This repository contains a two‑container Docker lab for teaching common server misconfigurations and a safe, simulated Heartbleed‑style memory leak. It runs locally only; nothing is exposed to the internet beyond package downloads during image build.

Safety note: The “heartbleed” service is a tiny Python demo that returns bytes from a local file; it does not ship vulnerable OpenSSL. The SSH weaknesses are intentional, self‑contained misconfigurations inside the victim container.


1) Prerequisites

  • Docker Desktop installed and running
  • Git Bash (Windows) or any terminal (macOS/Linux/WSL/PowerShell)
  • Internet access once to build the images (package install), then everything runs offline

2) Folder structure (expected)

.
├─ docker-compose.yml
├─ attacker/
│  ├─ Dockerfile
│  └─ tools/
│     ├─ wordlist.txt
│     ├─ ssh-helper.sh
│     └─ bleed.py
└─ victim/
   ├─ Dockerfile
   ├─ entrypoint.sh
   ├─ services/
   │  ├─ fake_heartbleed.py
   │  └─ memory.bin
   ├─ ssh/
   │  ├─ sshd_config.level1
   │  ├─ sshd_config.level2
   │  ├─ sshd_config.level3
   │  ├─ sshd_config.level4
   │  └─ sshd_config.level5
   ├─ banners/               # optional, can be empty
   ├─ motd/                  # optional, can be empty
   ├─ users/
   │  ├─ make_users_level1.sh
   │  ├─ make_users_level2.sh
   │  ├─ make_users_level3.sh
   │  ├─ make_users_level4.sh
   │  └─ make_users_level5.sh
   └─ extras/                # optional keys/binaries/hints per level

If the folders don’t exist, create them as above. Ensure all *.sh files are executable on Linux/WSL:
chmod +x victim/entrypoint.sh victim/users/*.sh attacker/tools/*.sh


3) Quick start

Open a terminal in the project root (where docker-compose.yml is).

Windows Git Bash / WSL

DIFFICULTY=1 docker compose up --build -d

Windows PowerShell

$env:DIFFICULTY="1"
docker compose up --build -d

This builds and starts two containers: victim and attacker.

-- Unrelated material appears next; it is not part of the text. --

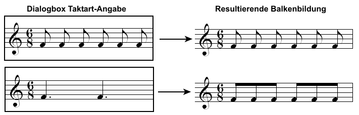 Die Art, in der Sie Ihre Taktart definieren, ist wichtig, denn sie bestimmt die Balkenbildung. Im Falle eines Alla-Breve-Taktes zum Beispiel sollten Sie die Rollbalken so einstellen, dass zwei halbe Noten angezeigt werden und somit die Achtelnoten in Vierergruppen balkiert werden. Dies ist besonders wichtig, wenn Sie in einem -Takt oder einem verwandten Metrum arbeiten; wenn Sie die Taktart-Angabe als eine Folge von sechs Achtelnoten beschreiben, wird PrintMusic überhaupt keine automatische Balkenbildung bei Achtelnoten durchführen, wie es unten gezeigt wird (oberes Beispiel). Wenn Sie den -Takt jedoch als zwei punktierte Viertelnoten beschreiben, wird PrintMusic Achtelnoten in Dreiergruppen mit Balken verbinden (unteres Beispiel).
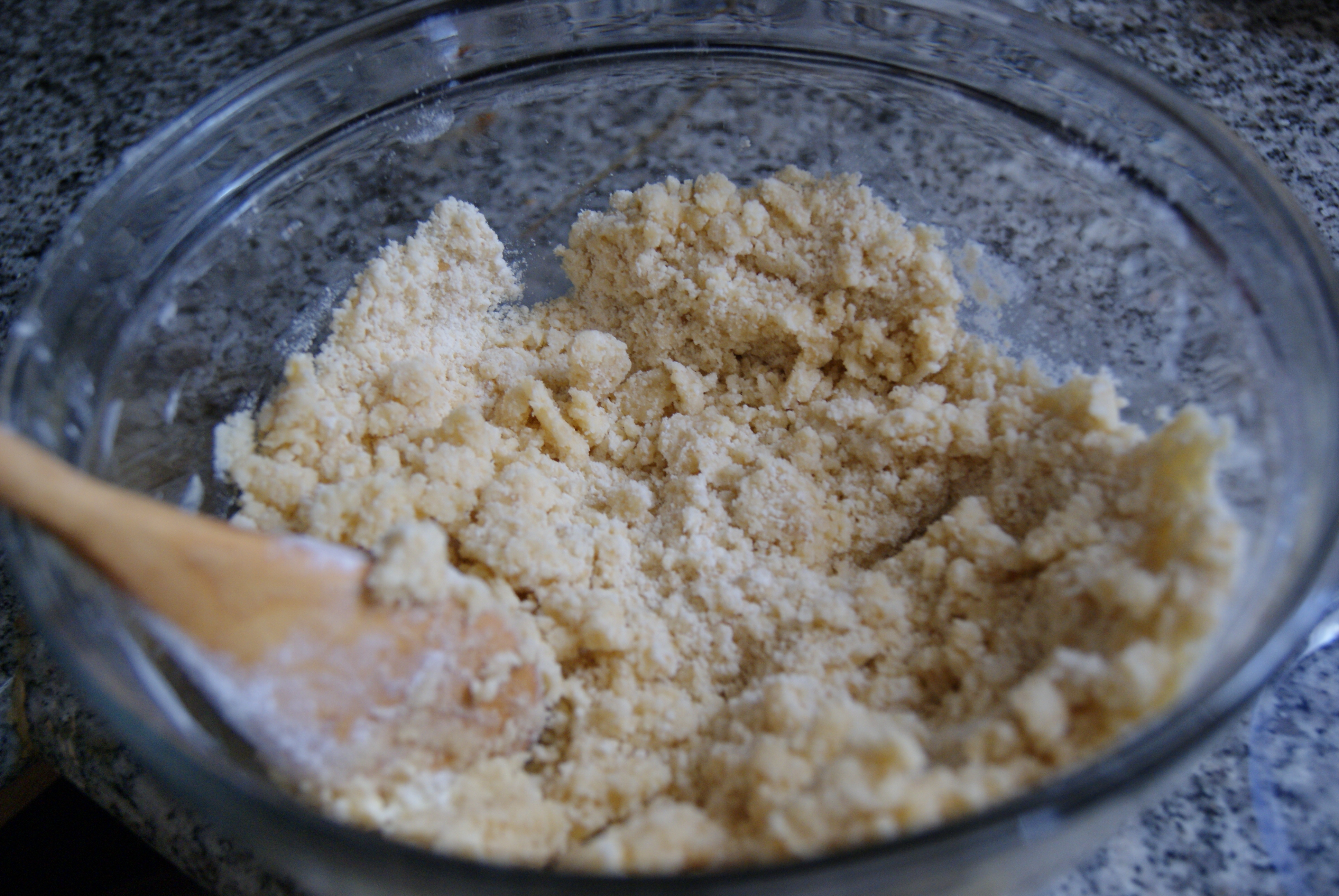 Preheat the oven to 350ΒΊF and grease a 9 x 13″ pan. Beat softened butter, flour, sugar and salt until you’ve got a crumbly/fluffy mixture that looks like this:

4) Connecting & basic usage

SSH into the victim

Default mapping (edit your docker-compose.yml if different):

ports:
  - "2222:22"     # SSH
  - "8443:8443"   # fake heartbleed server
  # Optionally add: - "2223:2222" (if a level uses SSH port 2222 inside)

Login (Level 1 example):

ssh -o StrictHostKeyChecking=no student@localhost -p 2222
# password: password

Run the Heartbleed demo (from host)

# Linux/WSL/Git Bash:
docker exec -it attacker python3 /tools/bleed.py victim 8443 8000 | grep FLAG

# PowerShell equivalent (no grep):
docker exec -it attacker python3 /tools/bleed.py victim 8443 8000 | Select-String FLAG

You should see a “leak” containing FLAG{...} from a local file inside the victim service.

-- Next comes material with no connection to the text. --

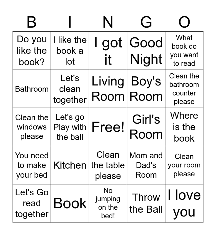 This bingo card has a free space and 24 words: Kitchen, Book, Living Room, Let's Go read together, What book do you want to read, Do you like the book?, Bathroom, I like the book a lot, Girl's Room, Clean the table please, Boy's Room, Clean the windows please, Mom and Dad's Room, Clean your room please, Let's clean together, Throw the Ball, Where is the book, I got it, Clean the bathroom counter please, Let's go Play with the ball, I love you, You need to make your bed, Good Night and No jumping on the bed!.
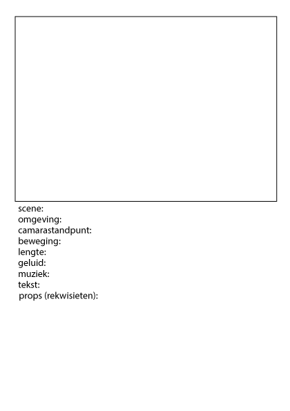 - Elke scene beschrijft de omgeving, camerastandpunt, de beweging, de lengte, de tekst en het geluid weergegeven

5) Difficulty levels (1–5)

Start with a level by setting DIFFICULTY before docker compose up:

docker compose down
DIFFICULTY=3 docker compose up --build -d

Level overview (default users/ports):

Level SSH Port (inside) Auth Default user Notes / Goal
1 22 Password student:password Tutorial. Learn SSH, banners/MOTD, basic sudo usage.
2 22 Password student:toor123 Weak crypto/algo hints in MOTD/Banner; learn enumeration.
3 2222 Password admin:admin2024 Non‑standard port, leaked backup creds in /var/backups.
4 22 Key only user dev Find leaked private key; pager escape via sudo less.
5 2222 Key only user ops Weak key passphrase hint + SUID/path hijack demo.

If Level 3/5 uses SSH port 2222 inside, either connect via the extra mapping (e.g., - "2223:2222") and use ssh ... -p 2223, or change your compose ports to suit your host.


6) Verifying configuration (from host)

Check that the selected difficulty applied the expected SSH config:

docker exec -it victim bash -lc 'grep -E "PermitRootLogin|PasswordAuthentication|Port" /etc/ssh/sshd_config'

See the active difficulty:

docker exec -it victim bash -lc 'echo $DIFFICULTY'

View banners/MOTD (if present):

docker exec -it victim bash -lc 'cat /etc/issue.net || true; cat /etc/motd || true'

7) Stopping, changing difficulty, cleaning up

Stop the stack:

docker compose down

Change level (example to Level 4):

DIFFICULTY=4 docker compose up --build -d

Full cleanup for this project only (containers, images, volumes):

docker compose down -v --rmi all

8) Troubleshooting

  • “Permission denied” running entrypoint or user scripts
    Make scripts executable (Linux/WSL/Git Bash):

    chmod +x victim/entrypoint.sh victim/users/*.sh attacker/tools/*.sh
    docker compose up --build -d
  • Port already in use
    Edit docker-compose.yml and change the host port (left side of the mapping), e.g. 2224:22, then docker compose up -d.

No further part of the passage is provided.